UNITED NATIONS: While strongly denouncing Islamophobia at the United Nations, Foreign Minister Bilawal Bhutto-Zardari on Friday said that Muslims across the world are being targeted through "new fascist policies".
The minister's comments came as he opened a special high-level meeting to commemorate International Day to Combat Islamophobia, with a fervent call to everyone — from any religion or creed — to stand together in the fight against hatred, bigotry, and intolerance.
"Hatred is being spread against Muslims under a well-thought-out strategy. Muslims are being targeted because of their religion," the foreign minister stressed, as he noted that the purpose behind bringing matters like hijab into politics is solely to target Islam.
He said that since 9/11, animosity and institutional suspicion of Muslims and Islam across the world escalated to “epidemic proportions”.
"Despite protestations to the contrary," the foreign minister said, "Islam and Muslims are routinely linked to terrorism."
In some cases, he said, the rhetoric of hate and incitement to violence is officially inspired, noting that repeated pogroms of Muslims have been instigated by officially sanctioned neo-fascist policies and ideologies with complete impunity. "The policies and violent actions of those who deny the right of self-determination of Muslim peoples represent the worst manifestations of Islamophobia today."
"Unfortunately," the foreign minister said, "the virus of islamophobia is spreading faster than we have been able to react.
"Not even the greatest democracies are immune. We have witnessed democratic societies expose Muslim bans. So-called free societies allow for the discretion of holy texts and holy sites."
"Even my region is not immune to democratic secular societies under the threat of being transformed into religious and islamophobic states," the foreign minister said.

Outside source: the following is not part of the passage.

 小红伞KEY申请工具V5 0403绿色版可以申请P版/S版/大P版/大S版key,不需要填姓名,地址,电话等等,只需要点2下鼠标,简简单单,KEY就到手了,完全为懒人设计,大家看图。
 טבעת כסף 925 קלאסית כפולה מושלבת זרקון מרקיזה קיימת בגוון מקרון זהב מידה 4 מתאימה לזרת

"Today, we must renew our resolve to build an inclusive society where different cultures and beliefs are celebrated and diversity is embraced. We can ill afford to ignore dangerous ideologies and acts dividing us as humanity," he added.
The declaration of March 15 as an International Day to Combat Islamophobia by the General Assembly is a demonstration of global solidarity with both known and unknown victims of Islamophobia, FM Bilawal said.

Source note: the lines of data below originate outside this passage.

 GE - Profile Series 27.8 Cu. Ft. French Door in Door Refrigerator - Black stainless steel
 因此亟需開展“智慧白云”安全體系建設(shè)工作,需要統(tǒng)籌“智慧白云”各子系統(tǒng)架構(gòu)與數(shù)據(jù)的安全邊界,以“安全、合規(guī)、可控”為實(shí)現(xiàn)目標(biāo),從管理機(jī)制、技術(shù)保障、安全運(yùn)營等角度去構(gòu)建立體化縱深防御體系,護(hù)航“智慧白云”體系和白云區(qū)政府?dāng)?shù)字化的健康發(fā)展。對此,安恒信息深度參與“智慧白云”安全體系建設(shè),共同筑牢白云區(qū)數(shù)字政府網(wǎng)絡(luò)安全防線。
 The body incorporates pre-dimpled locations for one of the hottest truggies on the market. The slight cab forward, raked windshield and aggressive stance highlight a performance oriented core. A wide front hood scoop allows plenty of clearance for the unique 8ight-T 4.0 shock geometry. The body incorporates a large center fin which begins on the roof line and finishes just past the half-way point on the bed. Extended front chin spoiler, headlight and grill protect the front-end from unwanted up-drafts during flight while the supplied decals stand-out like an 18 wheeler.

Prophet Muhammad (PBUH) taught Muslims to treat everyone with dignity and respect regardless of race, culture, gender or religion, the foreign minister said, but noted that unfounded phobia of Islam and its adherents is a sad reality, and the challenge was deeply rooted.

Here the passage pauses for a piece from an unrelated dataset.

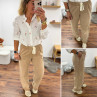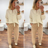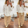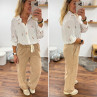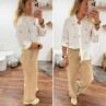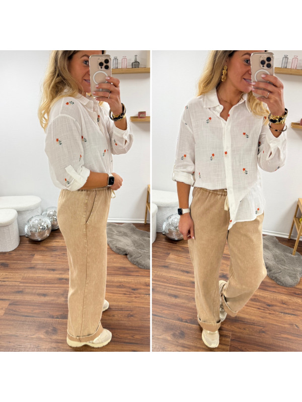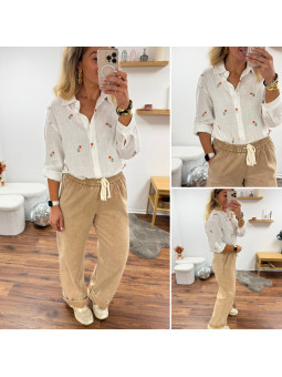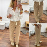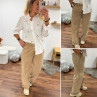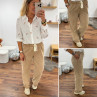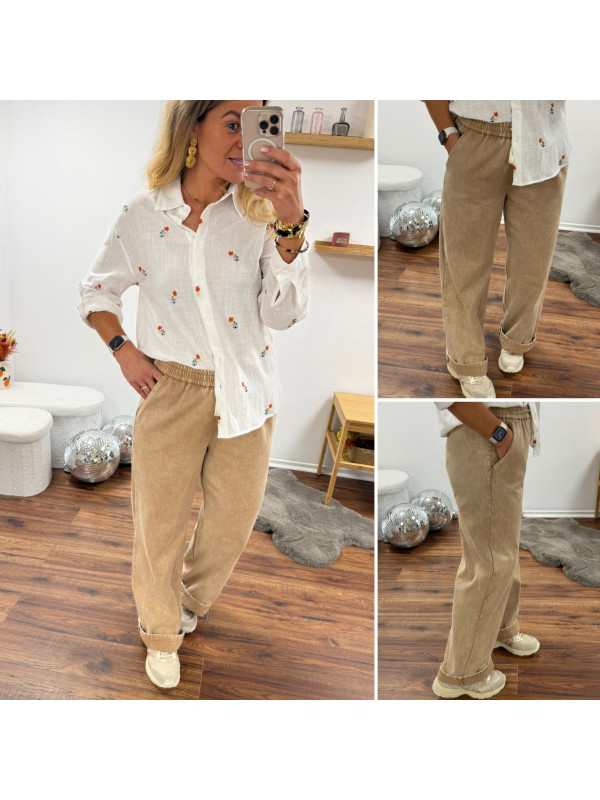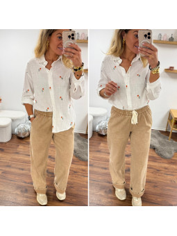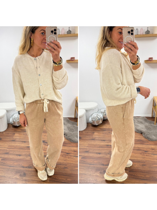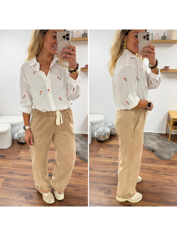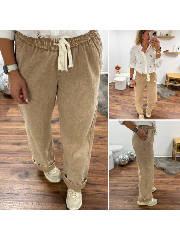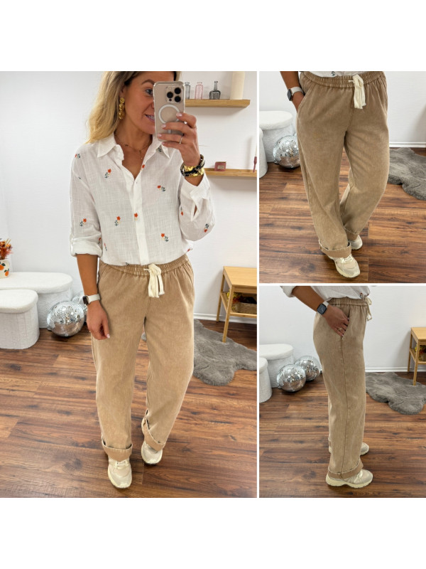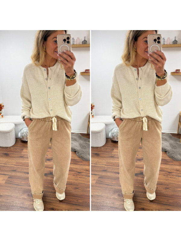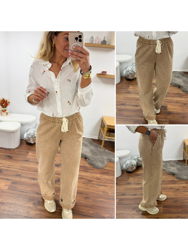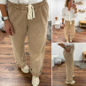 Pantalon en coton camel avec élastique et lien à la taille

Since colonial times, he said, the entrenched notions that depict Muslims and their beliefs as cultural “others” and “threats” have served to perpetuate, validate and normalise Islamophobia and anti-Muslim hatred.
"This Islamophobic narrative is not just confined to an extremist marginal propaganda but regrettably, has found acceptance by section of mainstream media, academia, policy-makers and state machinery."
"Islamophobia is therefore being constantly fueled by structural discrimination, xenophobia, and negative stereotyping of Muslims and their faith," he added.
"Today," Bilawal went on to say, "we must renew our resolve to build inclusive societies where different cultures and beliefs are celebrated and diversity embraced. We can ill afford to ignore dangerous ideologies and acts dividing us as humanity."
The meeting is co-convened by the Office of the President of the General Assembly and Pakistan in its capacity as the Chair of the Organisation of Islamic Cooperation (OIC) Council of Foreign Ministers.
Last year, the 193-member Assembly adopted resolution 76/254 designating March 15 as the International Day to Combat Islamophobia.
Csaba Korosi, the assembly's president, UN Secretary-General Antonio Guterres, and High Representative of the UN Alliance of Civilisations (UNAOC) Miguel Moratinos, and others were present at the meeting.
OIC Secretary-General Hissein Brahim Taham and the UN Special Rapporteur on Freedom of Religion or Belief, Nazila Ghanea, were due to address by video link.